Task
For this exercise, an exact copy is needed of only the lines from the one containing "A playful Mother’s" through the end of the data, with pictures left out.

Records for the exercise

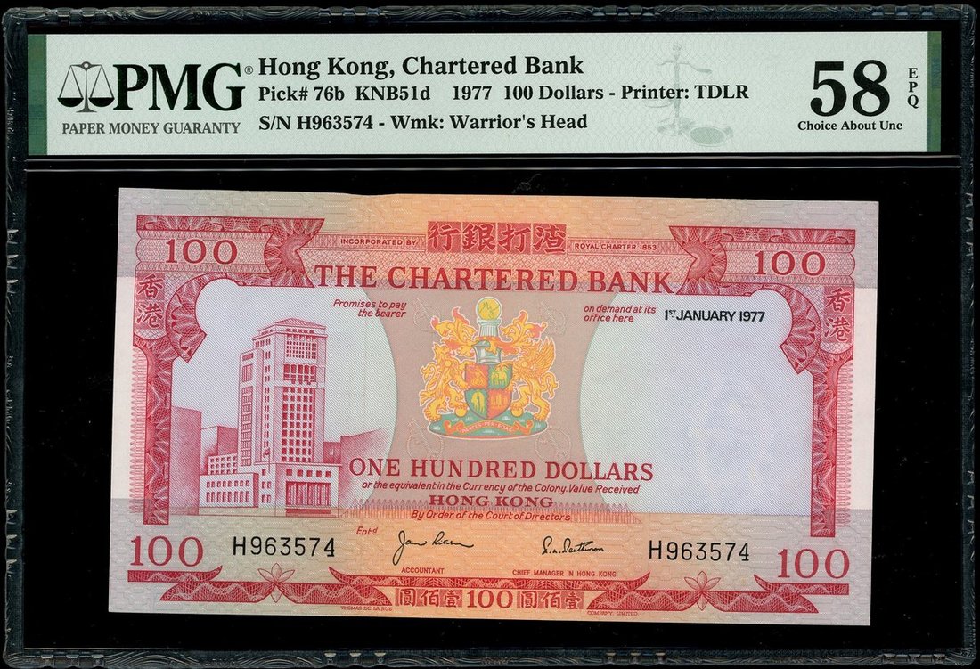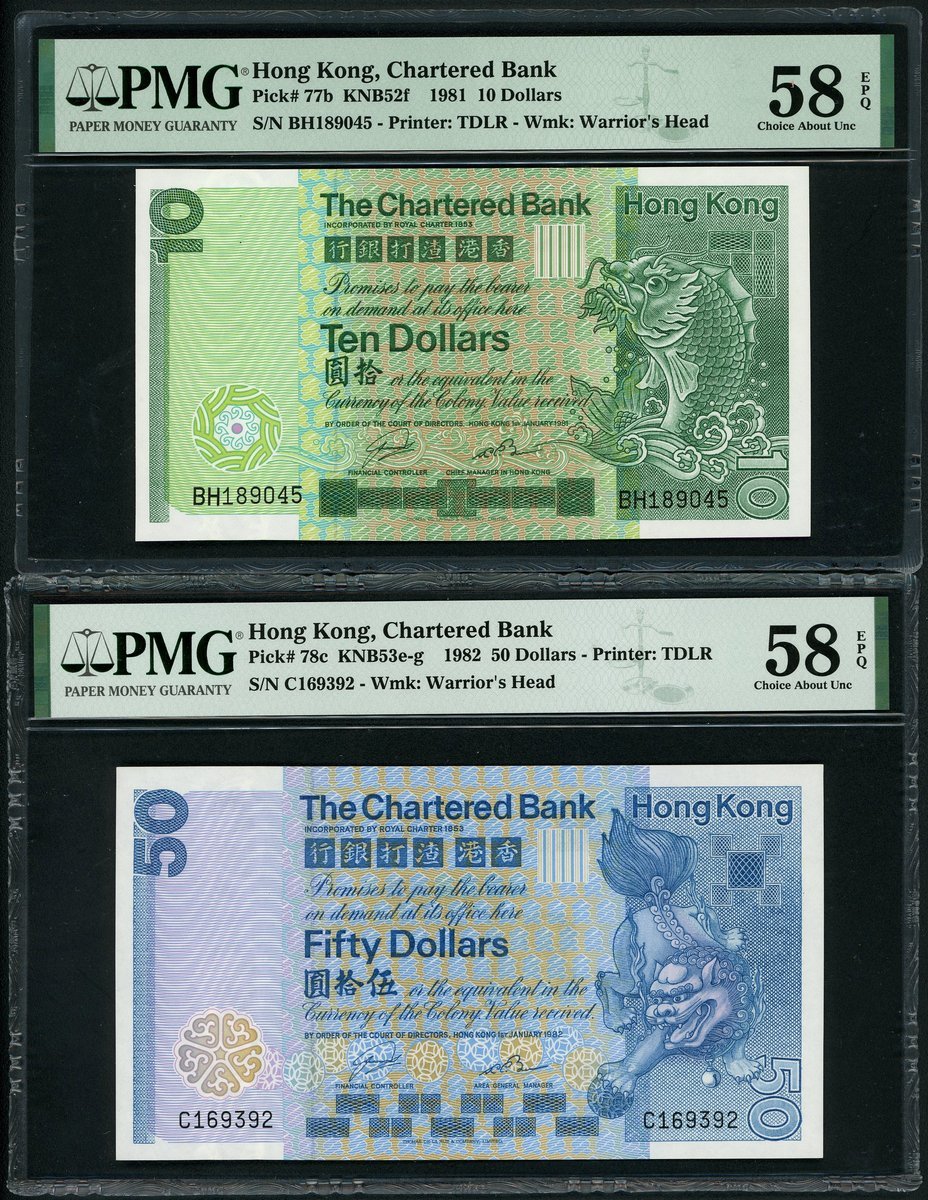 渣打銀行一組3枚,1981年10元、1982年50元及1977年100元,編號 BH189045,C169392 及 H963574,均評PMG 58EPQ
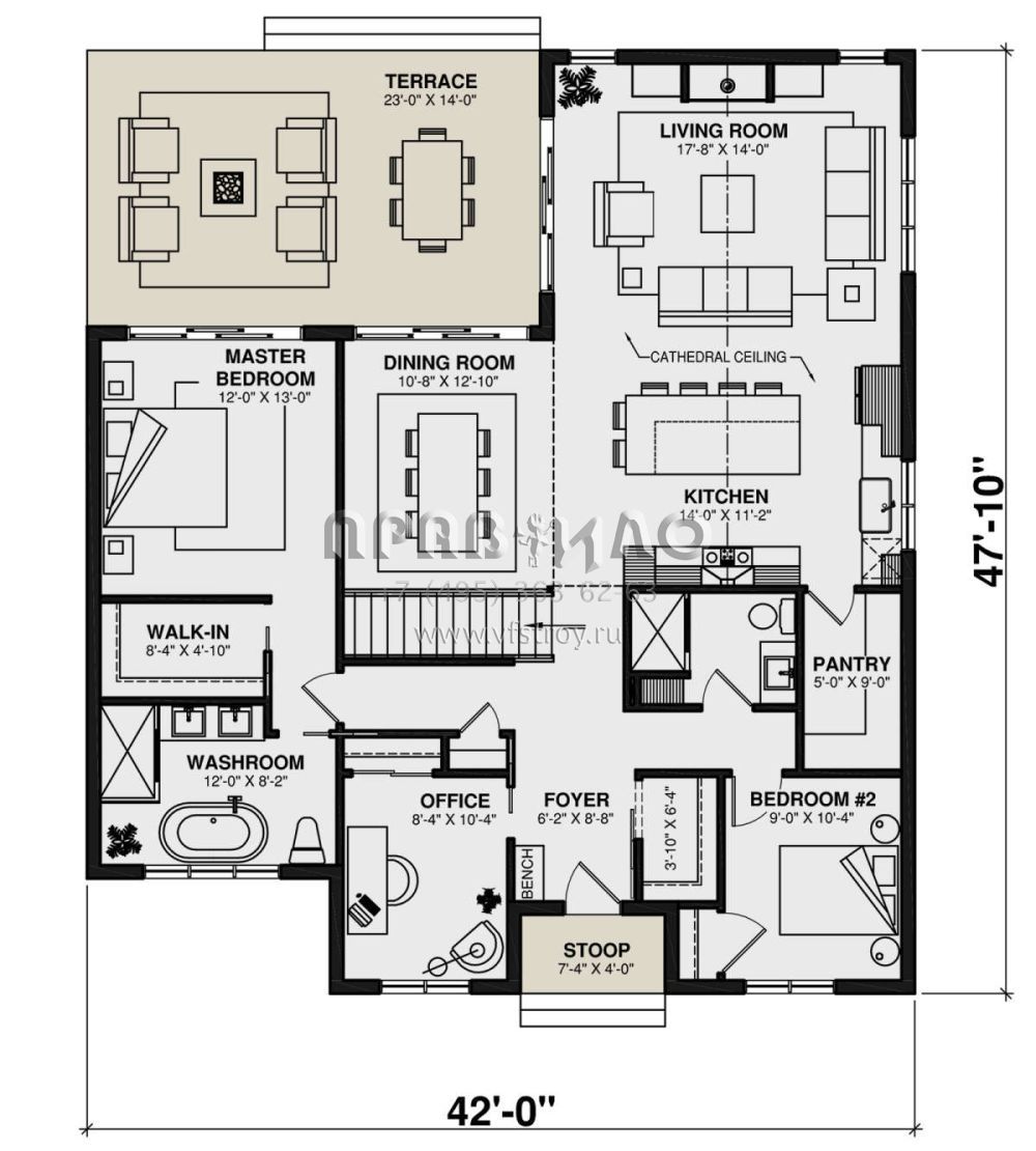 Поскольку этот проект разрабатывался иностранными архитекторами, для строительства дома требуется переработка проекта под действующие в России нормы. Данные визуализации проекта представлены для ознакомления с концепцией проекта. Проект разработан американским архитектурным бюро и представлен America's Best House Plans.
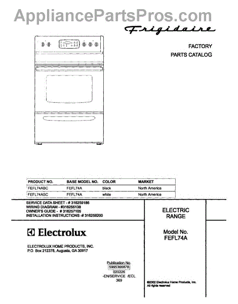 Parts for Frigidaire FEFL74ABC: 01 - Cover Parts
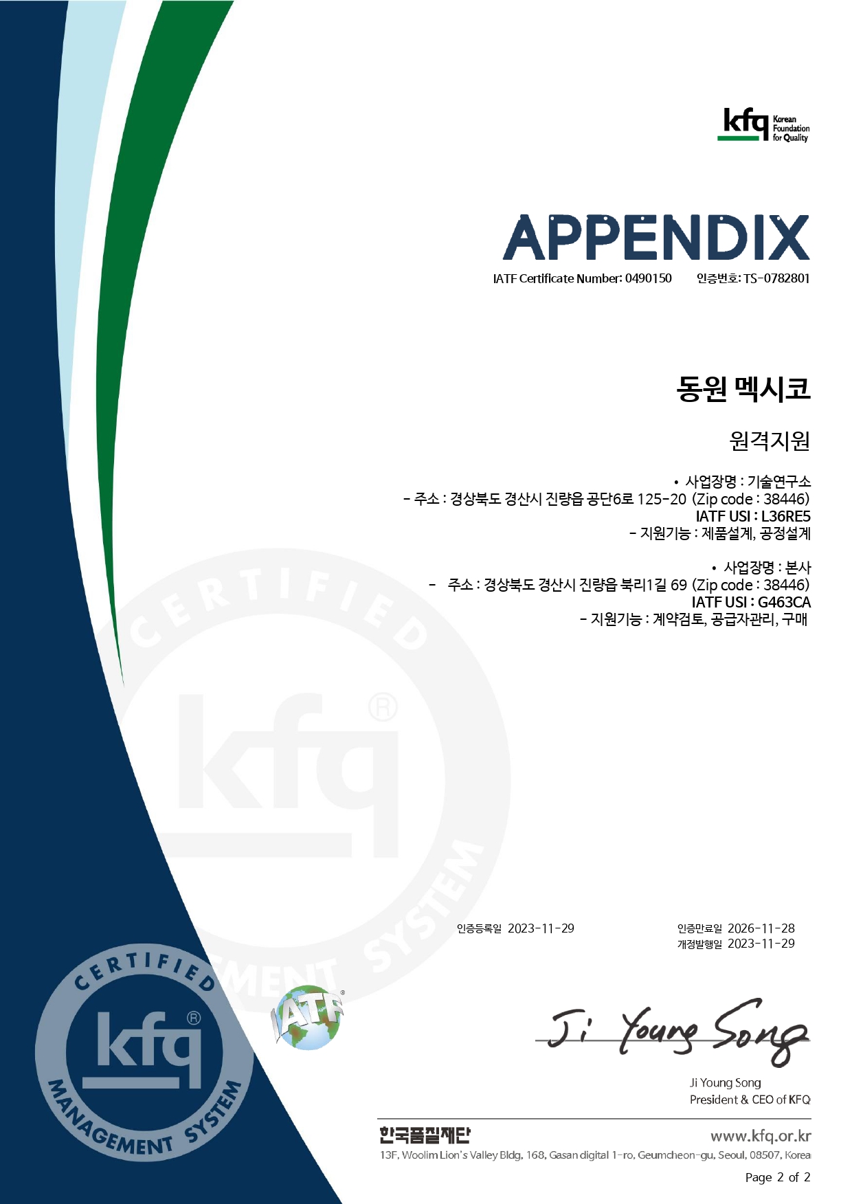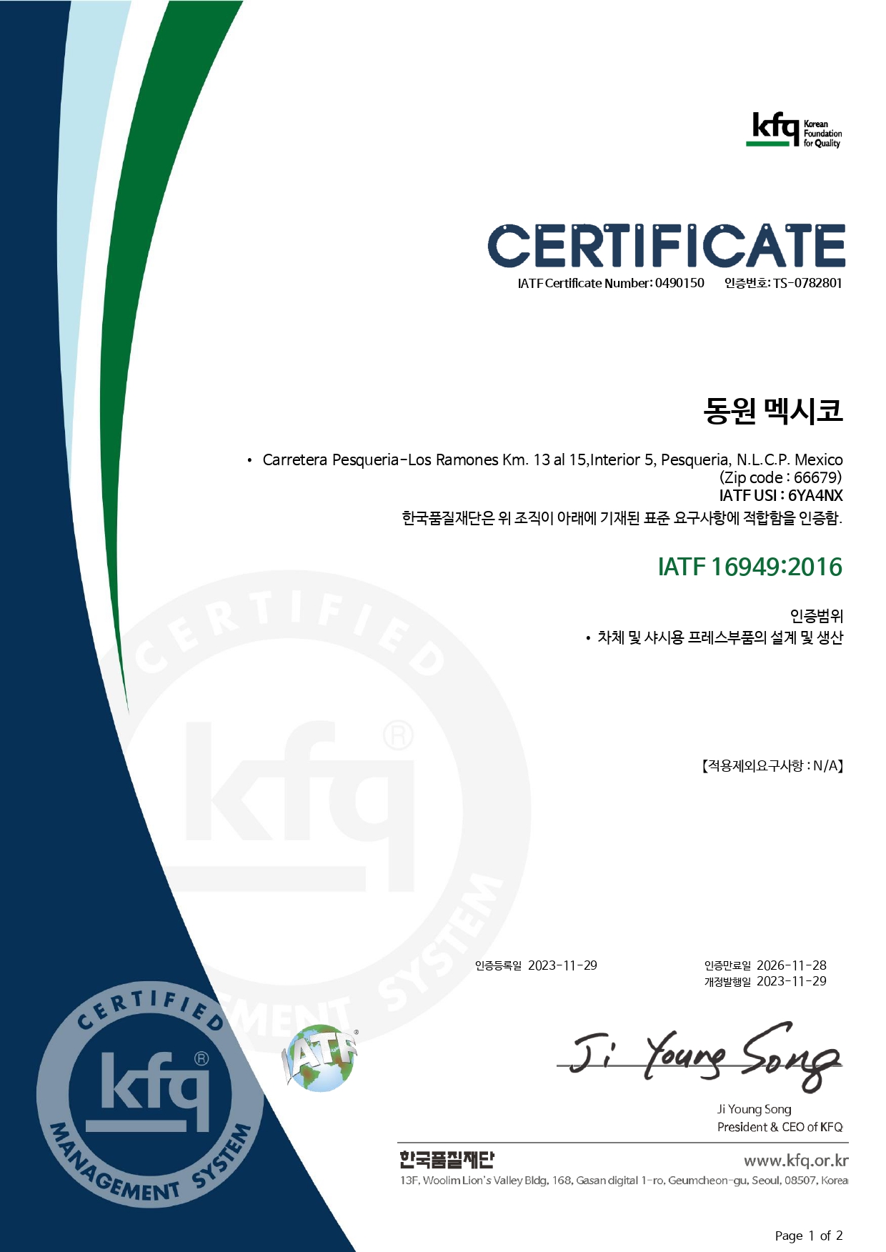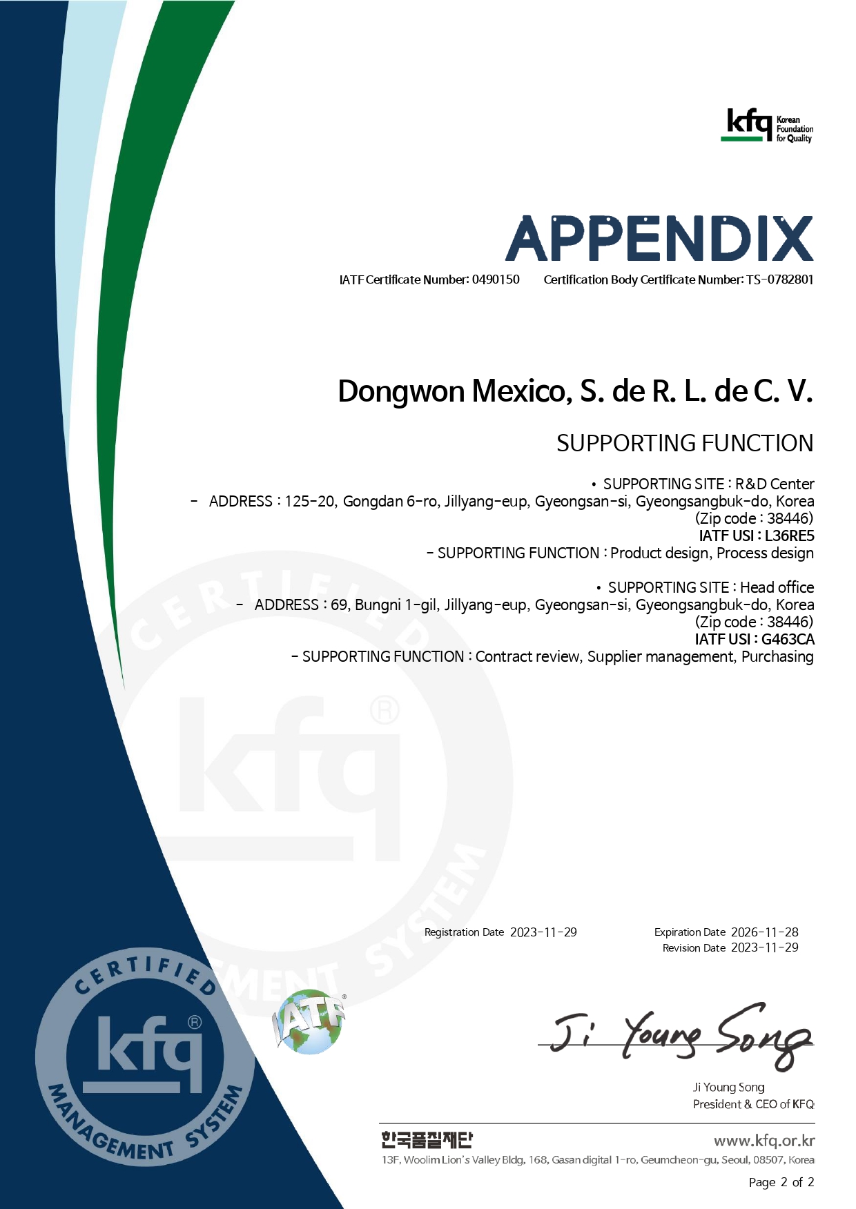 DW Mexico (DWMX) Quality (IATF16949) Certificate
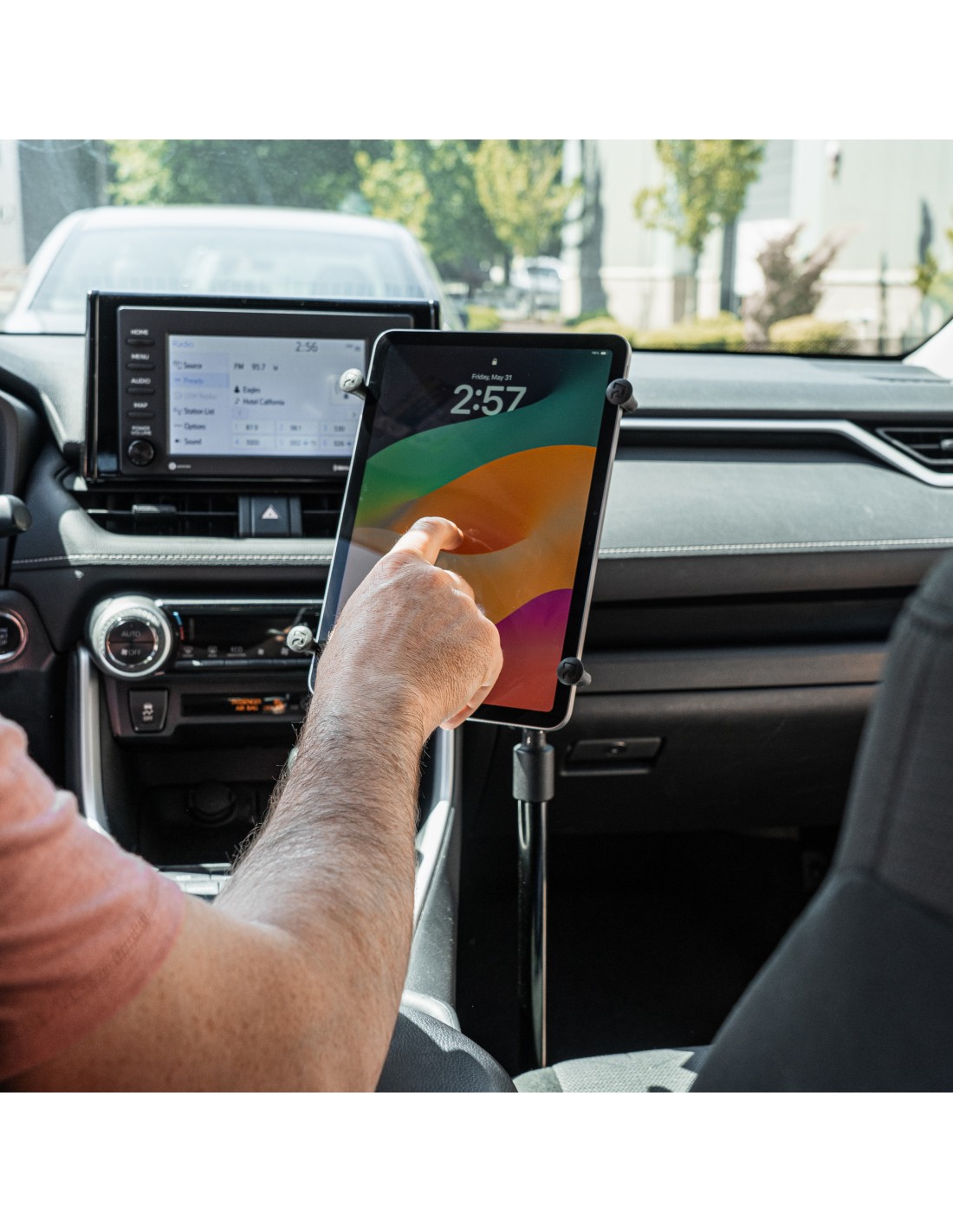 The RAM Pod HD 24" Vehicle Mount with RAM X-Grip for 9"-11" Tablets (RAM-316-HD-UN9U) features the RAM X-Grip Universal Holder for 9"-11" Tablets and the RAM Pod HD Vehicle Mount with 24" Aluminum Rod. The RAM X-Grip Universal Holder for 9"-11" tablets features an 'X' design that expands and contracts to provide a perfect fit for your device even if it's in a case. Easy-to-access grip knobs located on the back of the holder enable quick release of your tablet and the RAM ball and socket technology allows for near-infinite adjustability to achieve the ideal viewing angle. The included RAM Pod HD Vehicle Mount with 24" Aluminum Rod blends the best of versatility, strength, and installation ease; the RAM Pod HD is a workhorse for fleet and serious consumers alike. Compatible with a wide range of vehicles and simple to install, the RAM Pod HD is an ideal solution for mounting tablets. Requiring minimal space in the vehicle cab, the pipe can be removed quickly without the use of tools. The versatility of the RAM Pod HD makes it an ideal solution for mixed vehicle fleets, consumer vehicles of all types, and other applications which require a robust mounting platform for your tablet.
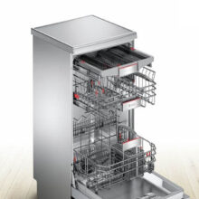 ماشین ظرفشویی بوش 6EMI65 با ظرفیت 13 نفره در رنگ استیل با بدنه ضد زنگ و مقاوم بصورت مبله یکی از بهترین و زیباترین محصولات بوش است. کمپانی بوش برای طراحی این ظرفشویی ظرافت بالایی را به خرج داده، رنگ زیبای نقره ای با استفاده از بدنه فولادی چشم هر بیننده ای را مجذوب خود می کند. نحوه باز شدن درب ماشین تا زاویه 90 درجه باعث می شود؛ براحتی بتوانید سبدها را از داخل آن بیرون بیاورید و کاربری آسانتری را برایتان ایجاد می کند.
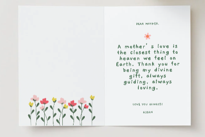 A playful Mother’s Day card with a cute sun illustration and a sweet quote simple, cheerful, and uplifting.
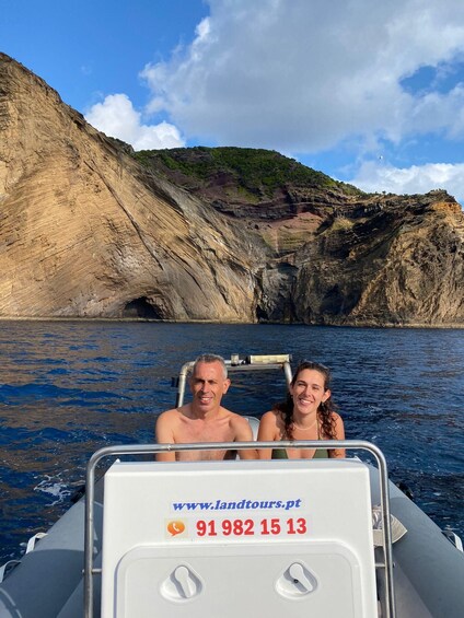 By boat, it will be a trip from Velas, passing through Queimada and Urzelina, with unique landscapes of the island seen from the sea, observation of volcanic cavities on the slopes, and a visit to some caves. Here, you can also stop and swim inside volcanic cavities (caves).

Response for this exercise
 A playful Mother’s Day card with a cute sun illustration and a sweet quote simple, cheerful, and uplifting.
 By boat, it will be a trip from Velas, passing through Queimada and Urzelina, with unique landscapes of the island seen from the sea, observation of volcanic cavities on the slopes, and a visit to some caves. Here, you can also stop and swim inside volcanic cavities (caves).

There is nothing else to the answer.